Instructions for the task: Only these lines of the data below are wanted: the one with "Todo en este", the one with "به اولویتبندی بزنند.", and any lines between them, each repeated exactly.

Source material:
Segment Open

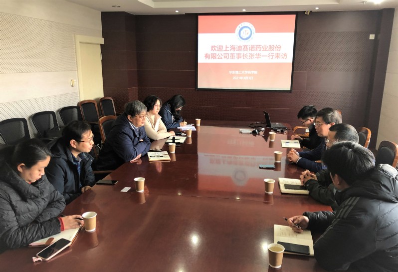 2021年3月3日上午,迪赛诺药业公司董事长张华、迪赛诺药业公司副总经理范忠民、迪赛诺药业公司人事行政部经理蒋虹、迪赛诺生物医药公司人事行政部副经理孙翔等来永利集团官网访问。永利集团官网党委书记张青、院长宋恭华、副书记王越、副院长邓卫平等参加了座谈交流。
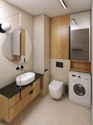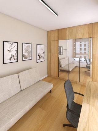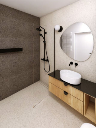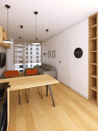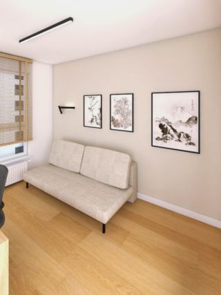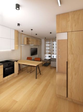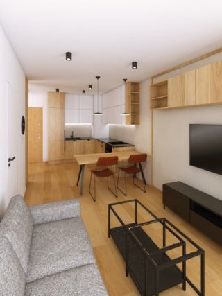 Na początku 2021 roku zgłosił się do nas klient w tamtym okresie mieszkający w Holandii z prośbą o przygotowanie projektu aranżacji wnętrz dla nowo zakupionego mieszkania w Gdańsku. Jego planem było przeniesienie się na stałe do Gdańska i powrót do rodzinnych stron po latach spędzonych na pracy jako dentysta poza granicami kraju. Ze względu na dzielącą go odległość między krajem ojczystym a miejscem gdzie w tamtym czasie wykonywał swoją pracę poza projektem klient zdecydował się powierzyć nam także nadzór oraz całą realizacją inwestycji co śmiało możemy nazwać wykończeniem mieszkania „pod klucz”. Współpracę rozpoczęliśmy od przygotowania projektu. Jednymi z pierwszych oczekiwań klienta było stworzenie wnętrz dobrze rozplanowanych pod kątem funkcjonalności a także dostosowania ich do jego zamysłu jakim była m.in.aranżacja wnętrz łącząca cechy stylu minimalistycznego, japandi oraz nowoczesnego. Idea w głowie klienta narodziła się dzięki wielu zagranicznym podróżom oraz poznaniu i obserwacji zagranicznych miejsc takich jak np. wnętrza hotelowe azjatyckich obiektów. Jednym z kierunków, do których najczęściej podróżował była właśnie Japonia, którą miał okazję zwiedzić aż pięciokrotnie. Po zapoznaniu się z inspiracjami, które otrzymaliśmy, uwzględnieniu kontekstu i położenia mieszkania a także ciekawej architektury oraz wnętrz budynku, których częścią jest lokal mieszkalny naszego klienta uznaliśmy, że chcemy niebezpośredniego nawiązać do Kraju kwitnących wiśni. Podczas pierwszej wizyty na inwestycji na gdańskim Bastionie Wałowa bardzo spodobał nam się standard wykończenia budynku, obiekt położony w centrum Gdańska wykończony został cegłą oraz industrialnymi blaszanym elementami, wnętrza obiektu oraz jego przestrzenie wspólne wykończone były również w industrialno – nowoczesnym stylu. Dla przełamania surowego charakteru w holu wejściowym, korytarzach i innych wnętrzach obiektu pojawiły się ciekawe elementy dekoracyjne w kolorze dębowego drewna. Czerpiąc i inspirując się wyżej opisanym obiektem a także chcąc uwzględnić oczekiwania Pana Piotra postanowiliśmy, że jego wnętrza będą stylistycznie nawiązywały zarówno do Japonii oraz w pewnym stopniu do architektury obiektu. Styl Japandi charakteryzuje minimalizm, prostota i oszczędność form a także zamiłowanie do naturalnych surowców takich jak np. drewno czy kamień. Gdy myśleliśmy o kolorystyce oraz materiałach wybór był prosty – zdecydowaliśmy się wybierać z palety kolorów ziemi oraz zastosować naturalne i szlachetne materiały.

Segment Closed
Segment Open

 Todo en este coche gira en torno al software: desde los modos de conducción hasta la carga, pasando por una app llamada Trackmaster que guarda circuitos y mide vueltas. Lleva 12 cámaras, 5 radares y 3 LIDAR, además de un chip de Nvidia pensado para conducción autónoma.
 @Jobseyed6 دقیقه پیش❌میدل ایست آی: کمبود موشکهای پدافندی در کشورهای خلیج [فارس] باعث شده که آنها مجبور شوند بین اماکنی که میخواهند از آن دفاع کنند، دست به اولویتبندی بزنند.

Segment Closed

Task response:
 Todo en este coche gira en torno al software: desde los modos de conducción hasta la carga, pasando por una app llamada Trackmaster que guarda circuitos y mide vueltas. Lleva 12 cámaras, 5 radares y 3 LIDAR, además de un chip de Nvidia pensado para conducción autónoma.
 @Jobseyed6 دقیقه پیش❌میدل ایست آی: کمبود موشکهای پدافندی در کشورهای خلیج [فارس] باعث شده که آنها مجبور شوند بین اماکنی که میخواهند از آن دفاع کنند، دست به اولویتبندی بزنند.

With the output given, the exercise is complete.